10/09/2024-10/16/2024 GitHub Patches Critical Flaw, CISA Warns of Three Vulnerabilities, WordPress Plugin Jetpack Patches Major Vulnerability And More.

1. GitHub Patches Critical Flaw in Enterprise Server Allowing Unauthorized Instance Access

GitHub has released security updates for Enterprise Server (GHES) to fix several vulnerabilities, including a critical flaw (CVE-2024-9487) with a CVSS score of 9.5/10. This issue allows attackers to bypass SAML single sign-on (SSO) authentication and gain unauthorized access by exploiting a cryptographic signature verification weakness. The flaw is a regression from CVE-2024-4985, a maximum severity bug (CVSS 10.0) patched in May 2024. Two other issues were also fixed: CVE-2024-9539 (CVSS 5.7), which exposes user metadata, and sensitive data exposure in HTML forms.The vulnerabilities are patched in GHES versions 3.14.2, 3.13.5, 3.12.10, and 3.11.16. GitHub urges organizations using affected versions to update immediately to prevent potential security risks.

2. CISA Warns of Three Vulnerabilities Actively Exploited in the Wild

CISA has issued an urgent alert about three critical vulnerabilities being actively exploited in the wild.These affect Microsoft, Mozilla, and SolarWinds products, posing serious risks. The first, CVE-2024-30088, is a race condition in the Microsoft Windows Kernel, potentially allowing privilege escalation. Users should apply mitigations or discontinue use by November 5, 2024. The second, CVE-2024-9680, is a use-after-free flaw in Mozilla Firefox that could allow arbitrary code execution. Mozilla users must also apply fixes by the same deadline. The third, CVE-2024-28987, impacts SolarWinds Web Help Desk, involving hardcoded credentials that could allow unauthorized access.CISA urges immediate patching or mitigation to prevent exploitation. 

3. WordPress Plugin Jetpack Patches Major Vulnerability Affecting 27 Million Sites

Jetpack, a popular WordPress plugin by Automattic, has released a security update to fix a critical vulnerability. The flaw, present since version 3.9.9 (2016), allowed logged-in users to view forms submitted by others on the site. Discovered during an internal audit, the issue affects Jetpack’s Contact Form feature. Jetpack, used on 27 million sites, worked with the WordPress.org Security Team to automatically update affected sites. While there’s no evidence of exploitation, the vulnerability could be abused now that it’s public. The update addresses this flaw across 101 Jetpack versions. In related news, WordPress founder Matt Mullenweg has taken control of WP Engine’s Advanced Custom Fields (ACF) plugin, launching a fork called Secure Custom Fields (SCF) to fix a security issue.
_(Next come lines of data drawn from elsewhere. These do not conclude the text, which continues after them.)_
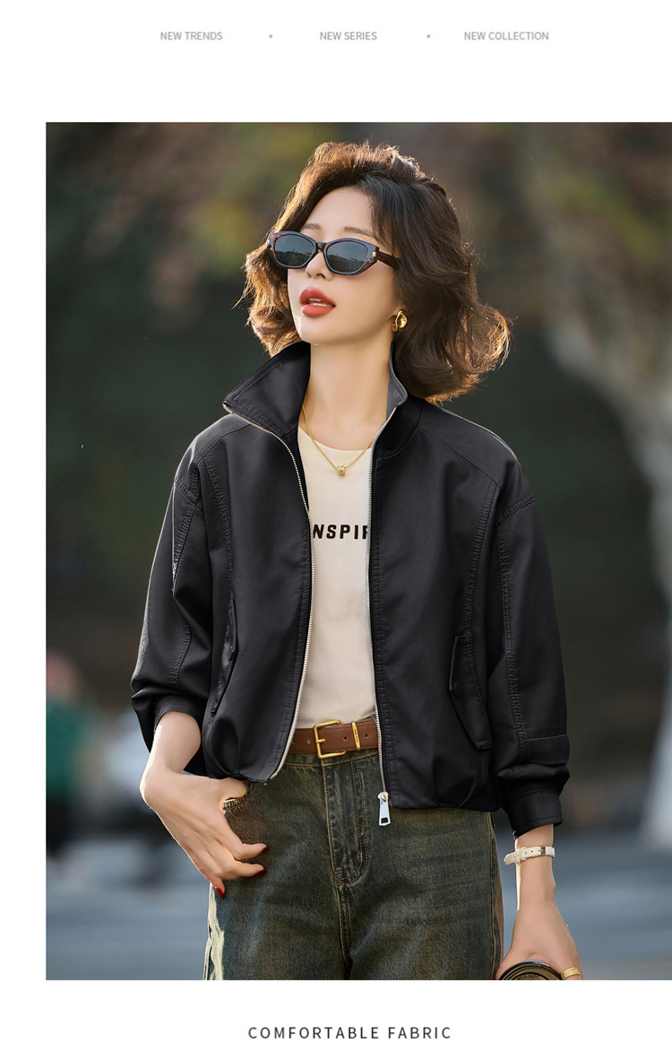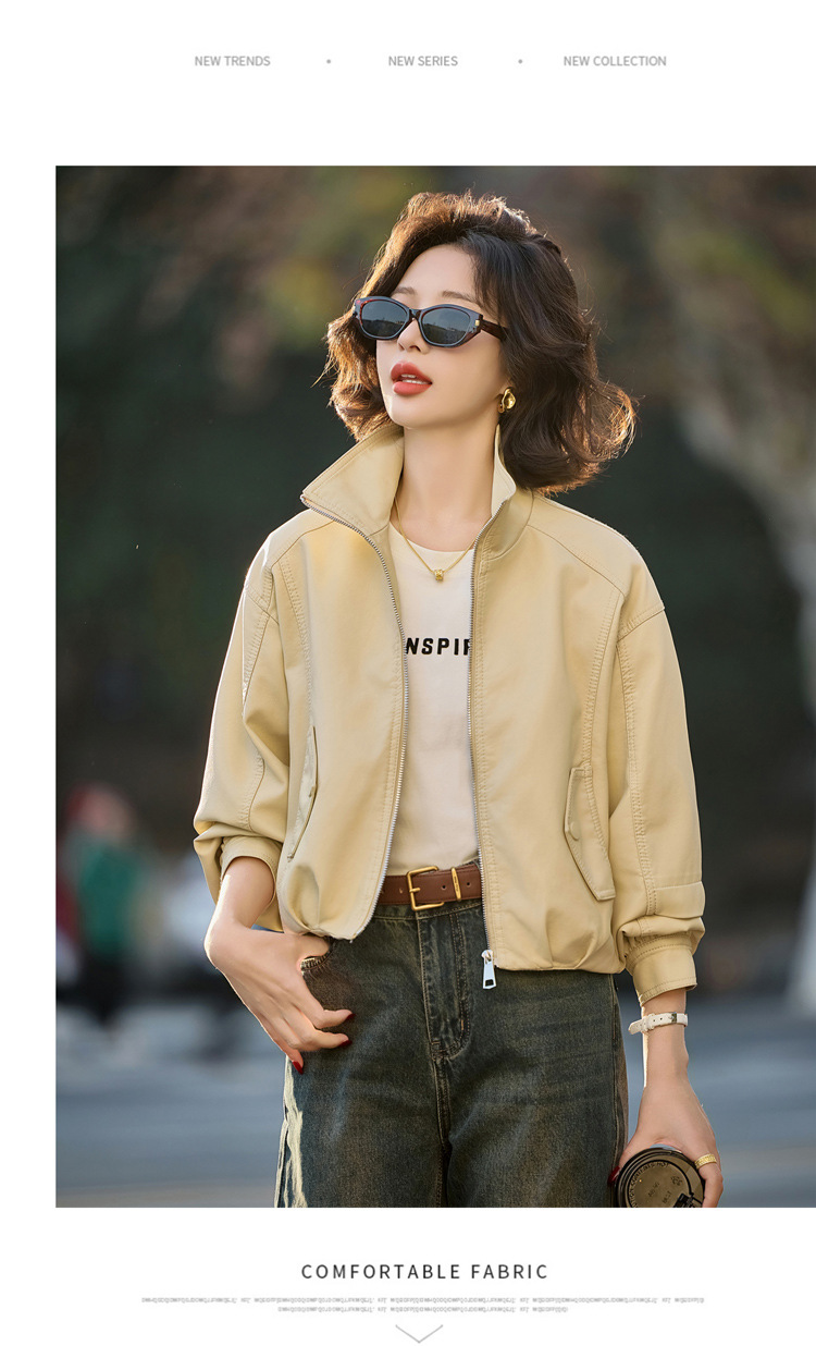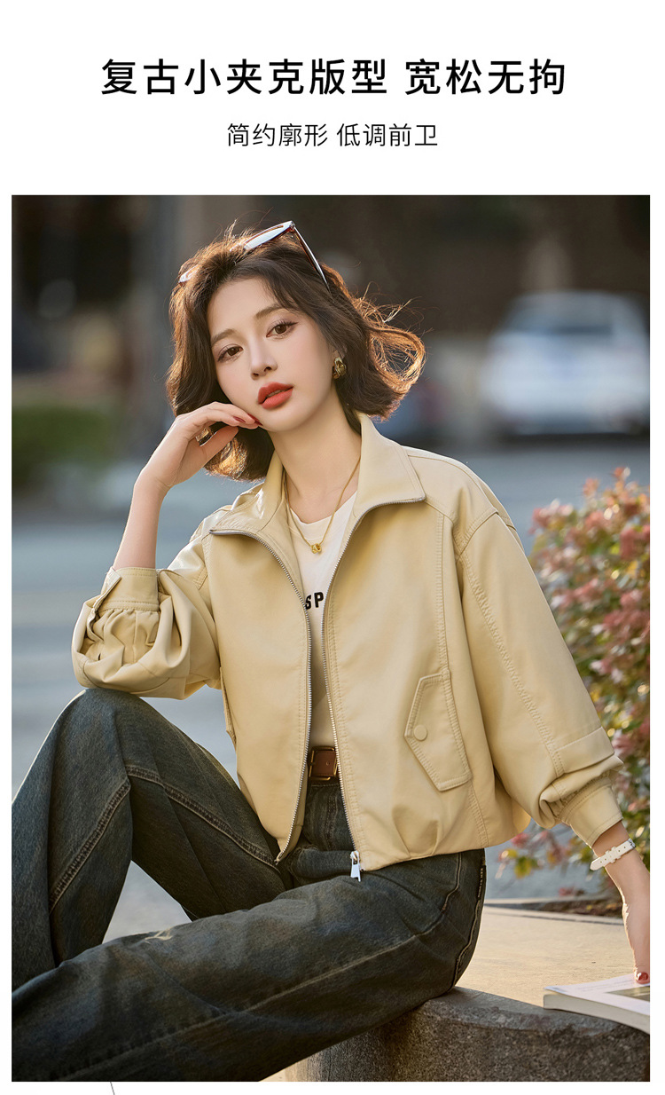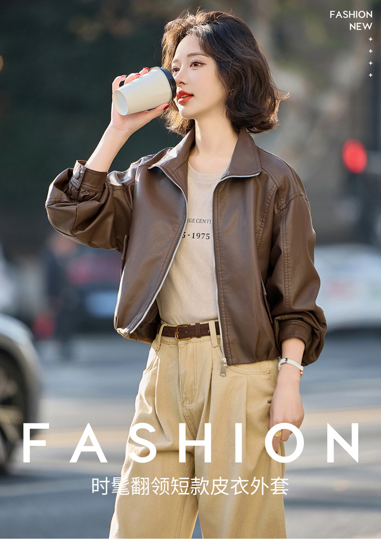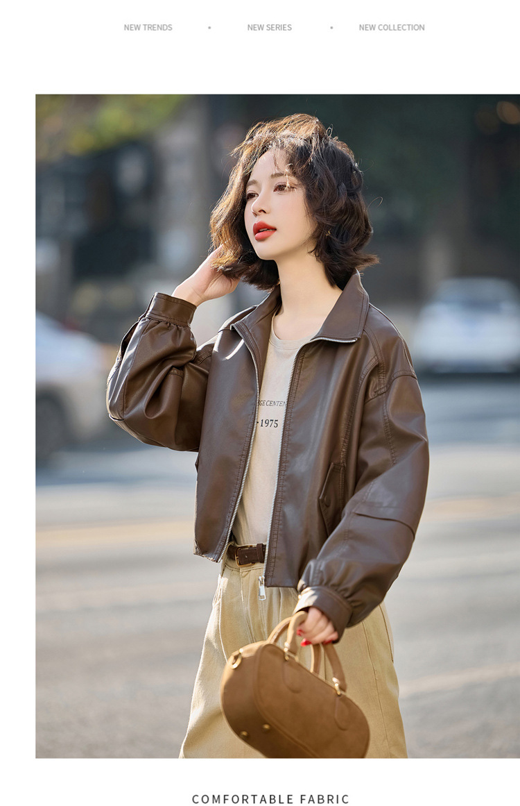 여자 가죽 2025 봄 새로운 여성 빈티지 옷깃 느슨한 올매치 캐주얼 PU 가죽 자켓 코트 YB3568스토어 가기
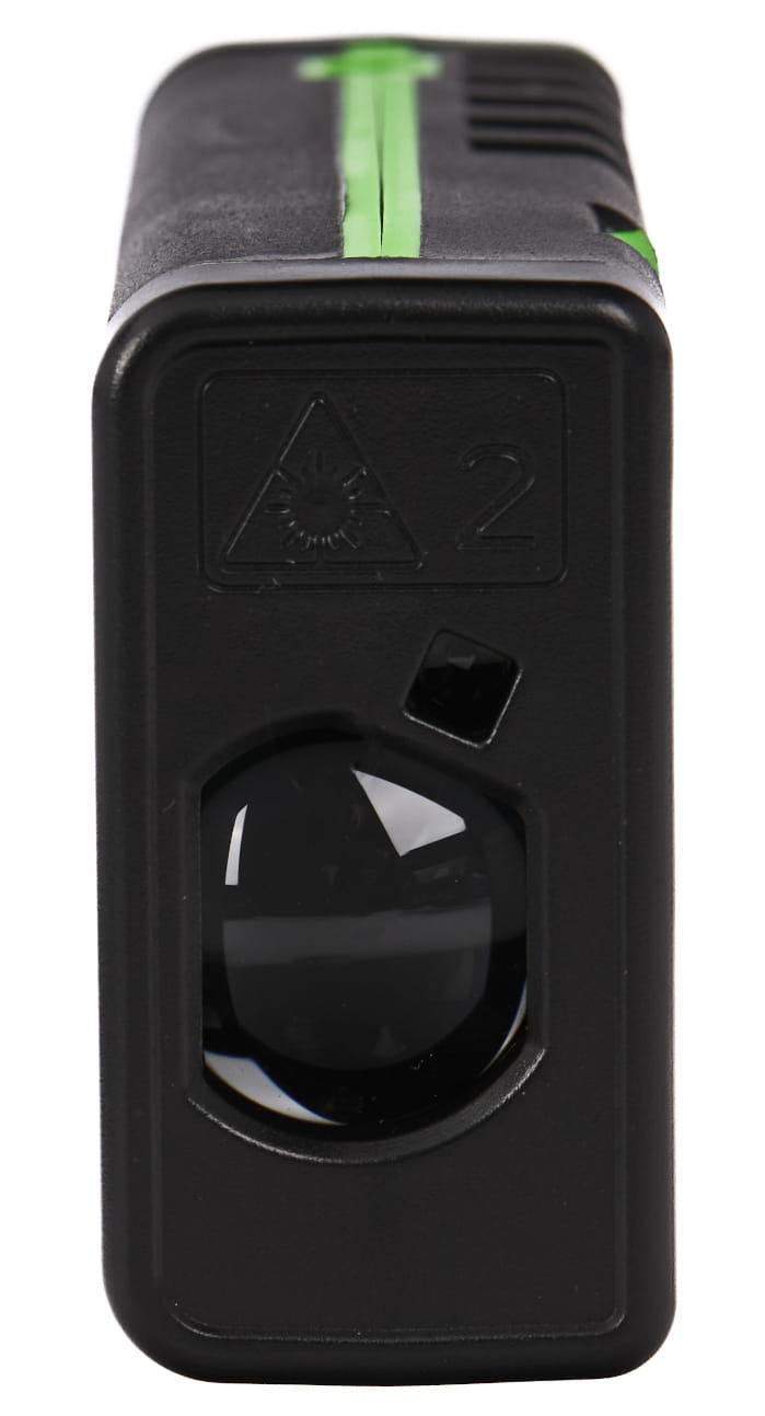Laser klasy II o mocy poniżej 1 mW i długości fali 635 nm (czerwony) jest bezpieczny przy normalnym użytkowaniu — naturalny odruch mrugania chroni oko przed przypadkową ekspozycją. Nie należy jednak celowo wpatrywać się w wiązkę. Średnica plamki wynosi 8 mm na odległości bliskiej i rośnie do ok. 40 mm na większych dystansach, co wpływa na czytelność punktu docelowego przy dużych odległościach w jasnym oświetleniu.
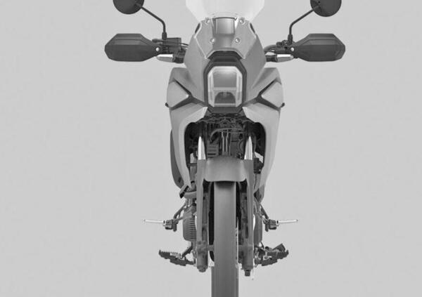 Lo stile prende le mosse dalla Africa Twin 1100, ci sono i paramani sul manubrio e il vetro del cupolino regolabile in altezza, la slitta paramotore e lo scarico alto.
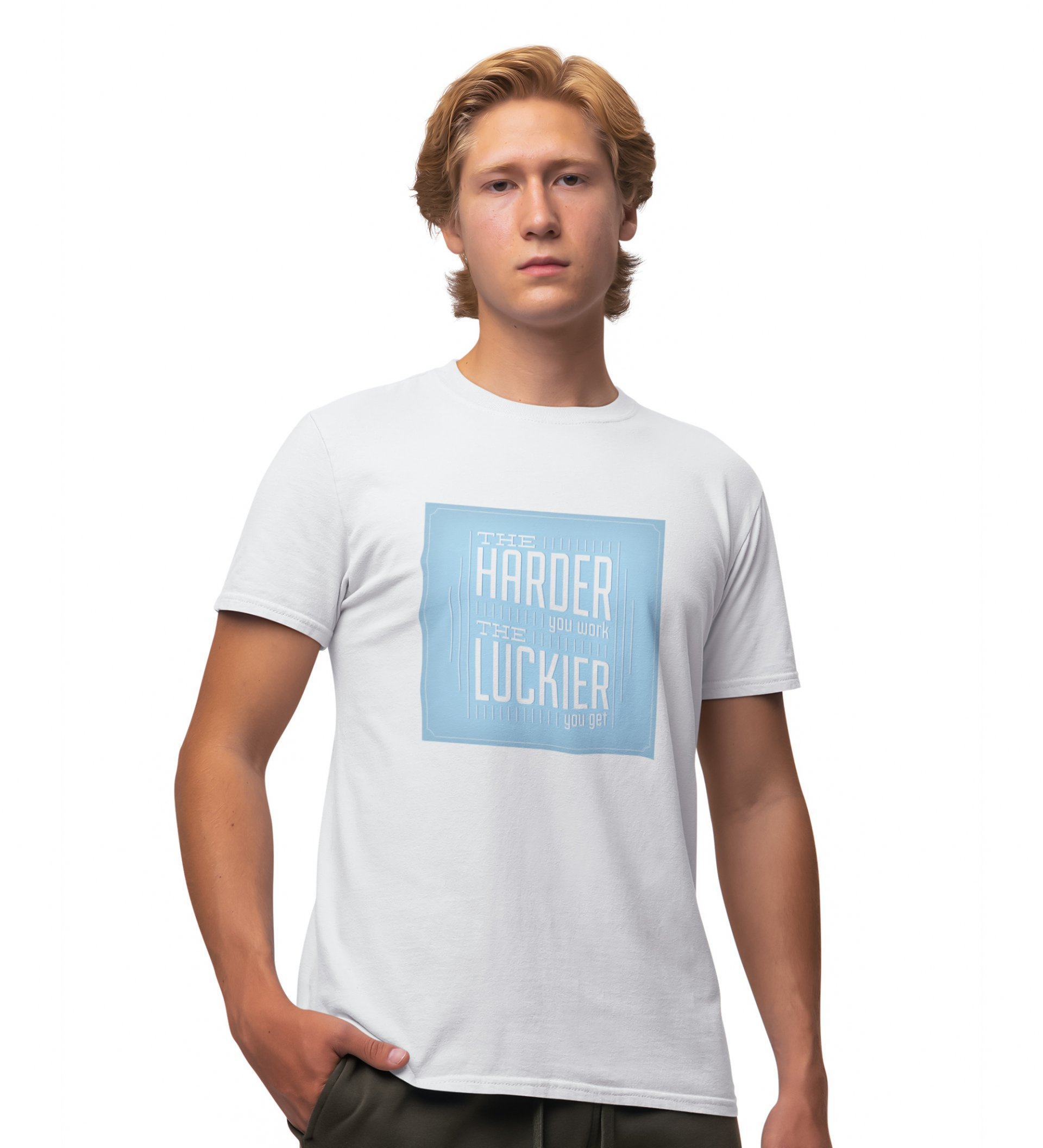 Luck Comes With Hardwork White Round Neck Cotton Half Sleeved Men's T-Shirt with Printed Graphics

WP Engine disputes the action, claiming it was taken without consent.

4. Ransomware operators exploited Veeam Backup & Replication flaw CVE-2024-40711 in recent attacks

Sophos reports that ransomware operators are exploiting a critical flaw, CVE-2024-40711, in Veeam Backup & Replication software to create rogue accounts and deploy malware. Veeam addressed this remote code execution (RCE) vulnerability (CVSS 9.8) in September 2024, as part of a security update that fixed 18 high and critical flaws.The flaw affects Veeam Backup & Replication version 12.1.2.172 and earlier. Attackers have used compromised credentials and the vulnerability to deploy ransomware, including Fog and Akira. These attacks often target outdated VPN gateways without multifactor authentication. Sophos warns that attackers exploited Veeam’s URI trigger on port 8000 to create local admin accounts and deploy ransomware. One attack involved Fog ransomware on an unprotected Hyper-V server, using rclone for data exfiltration. Sophos emphasizes the importance of patching vulnerabilities, updating outdated VPNs, and using multifactor authentication to prevent attacks.

5. Experts Warn of Critical Unpatched Vulnerability in Linear eMerge E3 Systems

Cybersecurity researchers warn of an unpatched vulnerability (CVE-2024-9441, CVSS 9.8) in Nice Linear eMerge E3 access controllers that allows remote attackers to execute arbitrary OS commands. Despite public disclosure, no fix or workaround has been provided by the vendor.The flaw affects several versions of the Nortek Linear eMerge E3, including 0.32-03i through 1.00.07. Proof-of-concept exploits have been released, increasing the risk of malicious attacks. A similar flaw (CVE-2019-7256) was exploited in the past to recruit devices into the Raptor Train botnet, which raises concerns about the vendor’s slow response.

Nice recommends following security best practices, such as network segmentation, restricting internet access, and using firewalls to protect affected devices.